[Opening SOURCE DATA section]
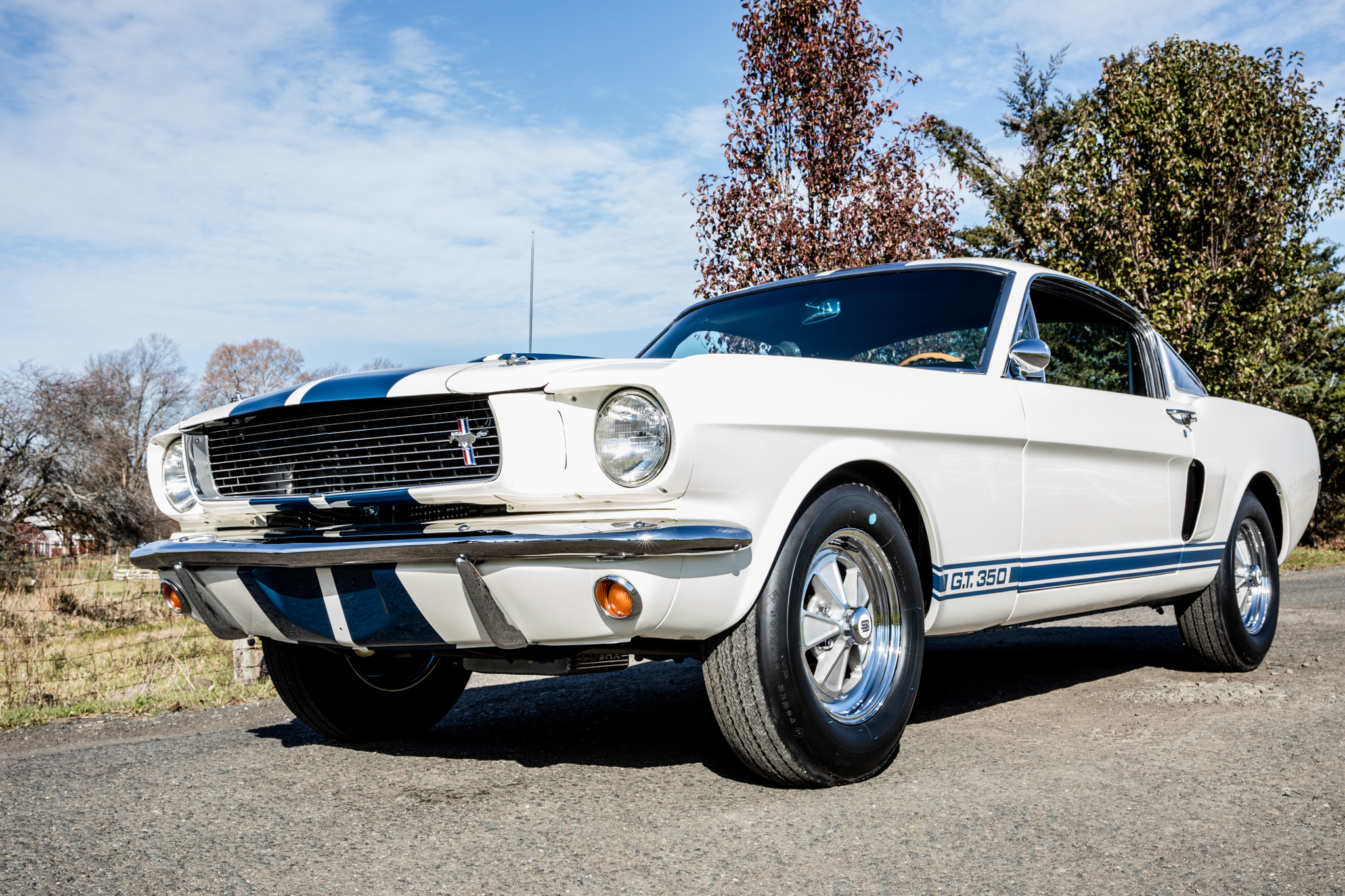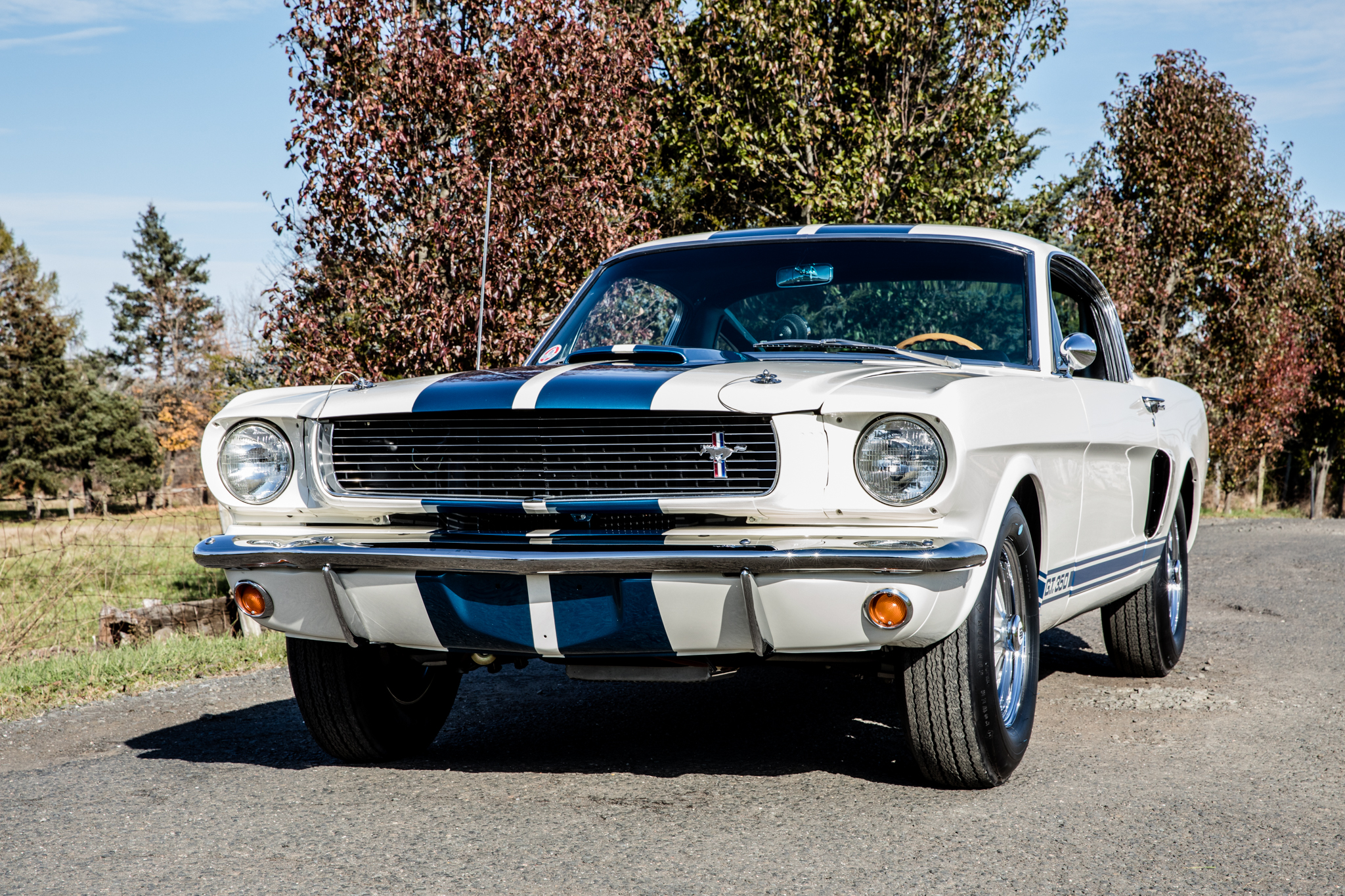 Polished 15″ Shelby/Cragar alloy wheels were optional on early 1966 Shelby Mustangs, and they are mounted with Goodyear “blue dot” bias-ply tires that were reportedly installed during the refurbishment. A matching spare wheel is stowed in the trunk. The car is said to feature a 1965-style GT350 suspension setup with Koni shocks and override traction bars as well as upper control arms with lower mounting points compared to later 1966 models. Kelsey-Hayes front disc brakes were standard equipment on GT350s, as were larger rear drum brakes than those used on standard Mustang models.
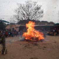 1月7日 鬼火をしました 書初めもしましたよ 学童さんは今年がんばりたい事 ほうほう よしよし がんばってね! ぞう組さんが松明をもって入場 &nb …
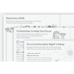 Además de las páginas diarias, incluye una variedad de secciones útiles para organizar tu año: calendario anual, mensual e índice anual, así como páginas extra al final como “Memorias 2026”, “12 hábitos para mejorar tu concentración” o “Consejos para un sueño reparador”.
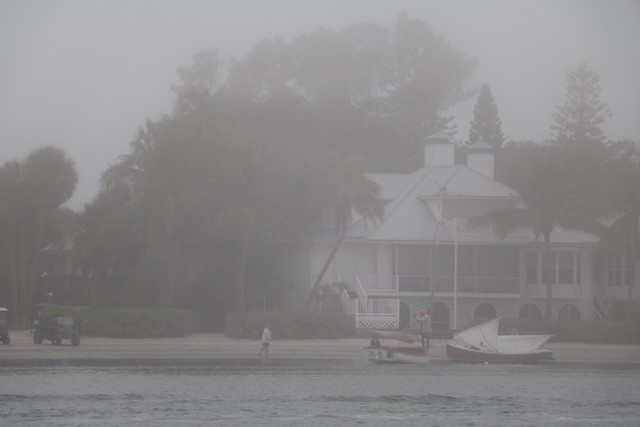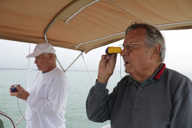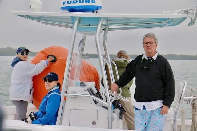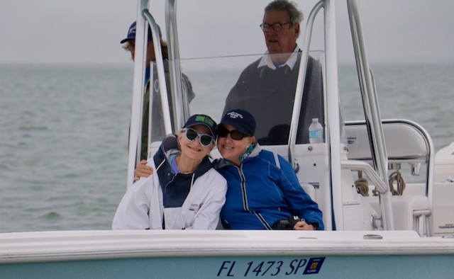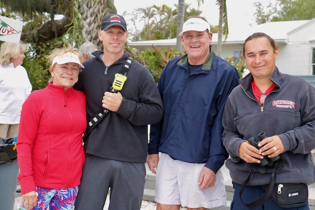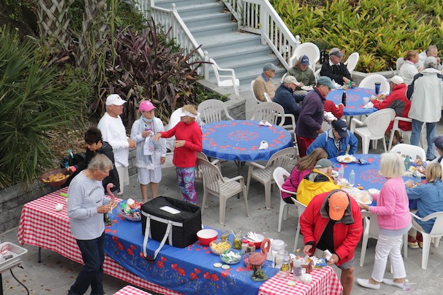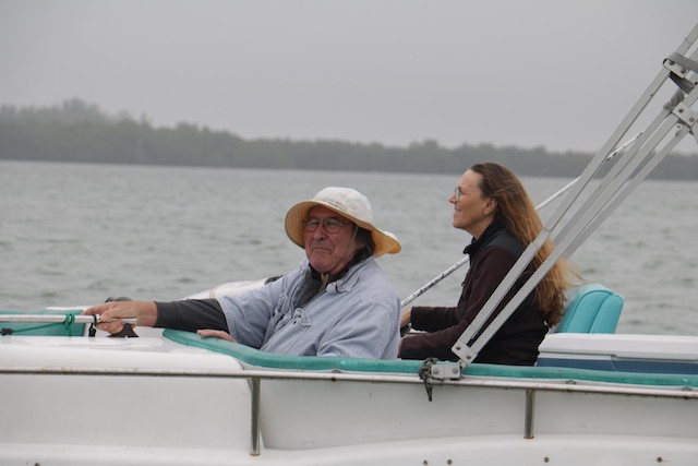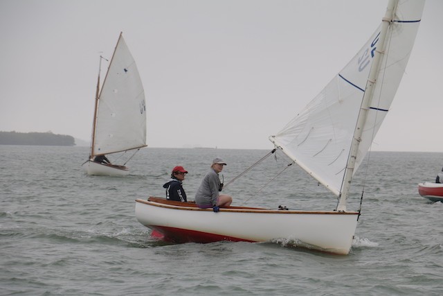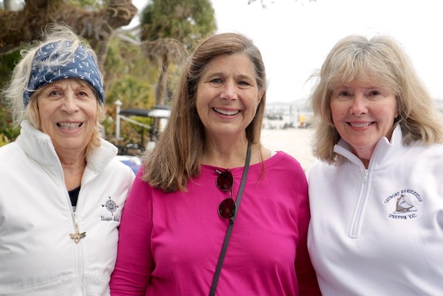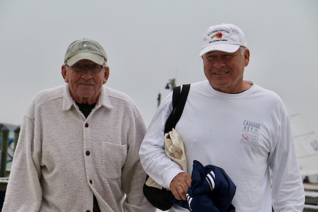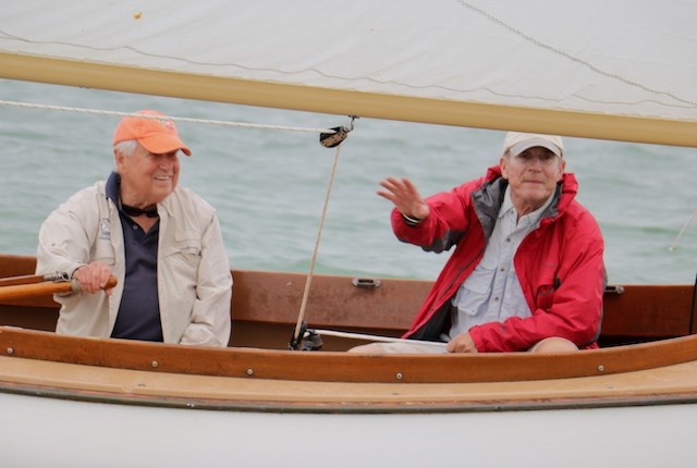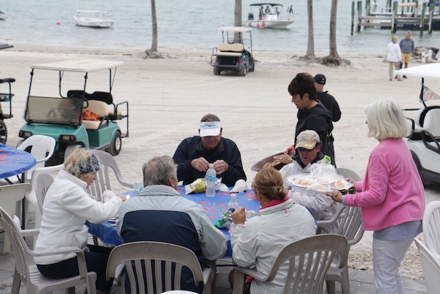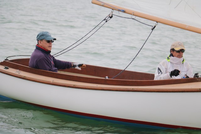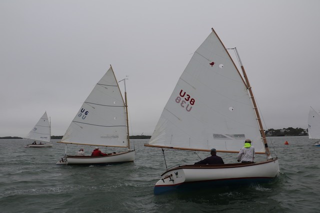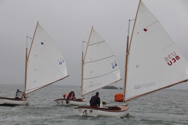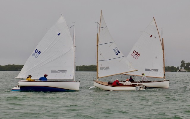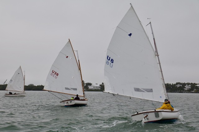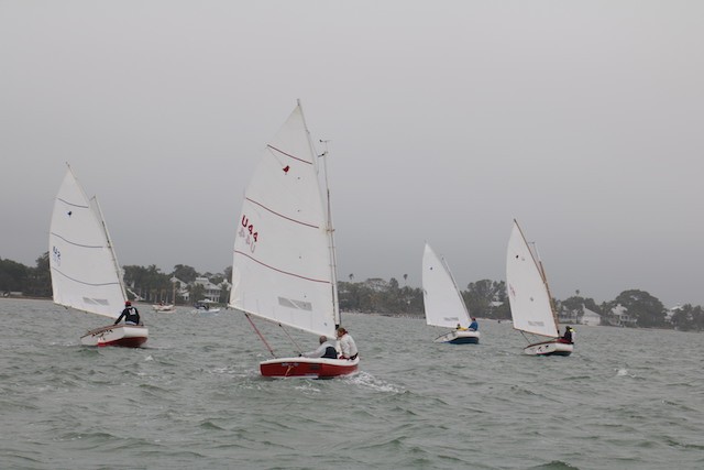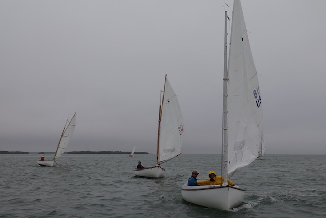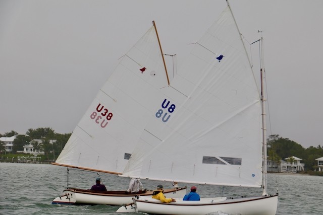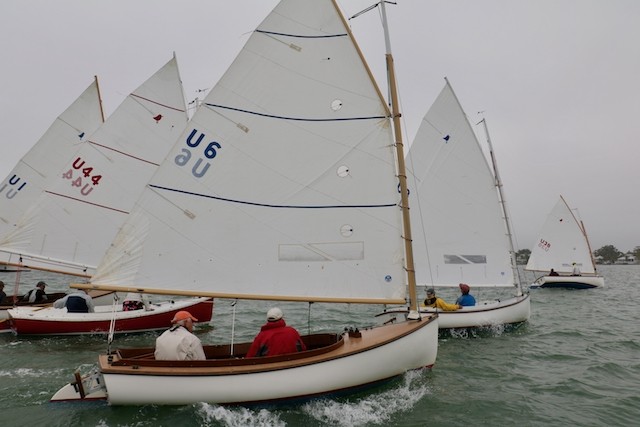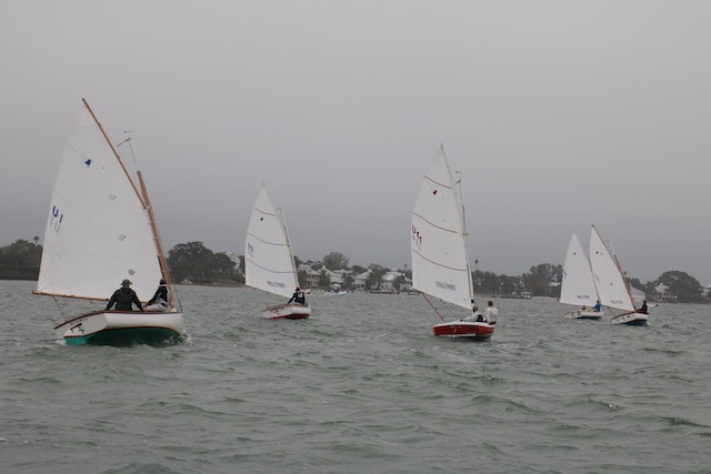 Sailing Fellowship - Thoughts by Bob Stevens - Pictures by Cindy Ryan and UseppaGin - The season started Saturday, February 5th with not much wind, then some fog, followed by a nice breeze that turned everything COLD. An unusual morning for our racing season’s start. But with all that, six catboats were on the water. We ran four races, three with two legs, and the final one only one leg. The Committee boat started the last race and then ran up to the windward mark to set the finishing line, which finally got set after the winning boat had already crossed it. By then, though, we were all but frozen. Our first for the season, Bill’s Grille lunch was a thumping success. Thanks to everyone who made our first day of sailing so much fun. Our hearts were warmed even if our fingers were numb.
[Closing SOURCE DATA section]
TASK REQUIREMENTS
Give back the material above exactly, with each picture removed.

ANSWER FOR THE TASK
 Polished 15″ Shelby/Cragar alloy wheels were optional on early 1966 Shelby Mustangs, and they are mounted with Goodyear “blue dot” bias-ply tires that were reportedly installed during the refurbishment. A matching spare wheel is stowed in the trunk. The car is said to feature a 1965-style GT350 suspension setup with Koni shocks and override traction bars as well as upper control arms with lower mounting points compared to later 1966 models. Kelsey-Hayes front disc brakes were standard equipment on GT350s, as were larger rear drum brakes than those used on standard Mustang models.
 1月7日 鬼火をしました 書初めもしましたよ 学童さんは今年がんばりたい事 ほうほう よしよし がんばってね! ぞう組さんが松明をもって入場 &nb …
 Además de las páginas diarias, incluye una variedad de secciones útiles para organizar tu año: calendario anual, mensual e índice anual, así como páginas extra al final como “Memorias 2026”, “12 hábitos para mejorar tu concentración” o “Consejos para un sueño reparador”.
 Sailing Fellowship - Thoughts by Bob Stevens - Pictures by Cindy Ryan and UseppaGin - The season started Saturday, February 5th with not much wind, then some fog, followed by a nice breeze that turned everything COLD. An unusual morning for our racing season’s start. But with all that, six catboats were on the water. We ran four races, three with two legs, and the final one only one leg. The Committee boat started the last race and then ran up to the windward mark to set the finishing line, which finally got set after the winning boat had already crossed it. By then, though, we were all but frozen. Our first for the season, Bill’s Grille lunch was a thumping success. Thanks to everyone who made our first day of sailing so much fun. Our hearts were warmed even if our fingers were numb.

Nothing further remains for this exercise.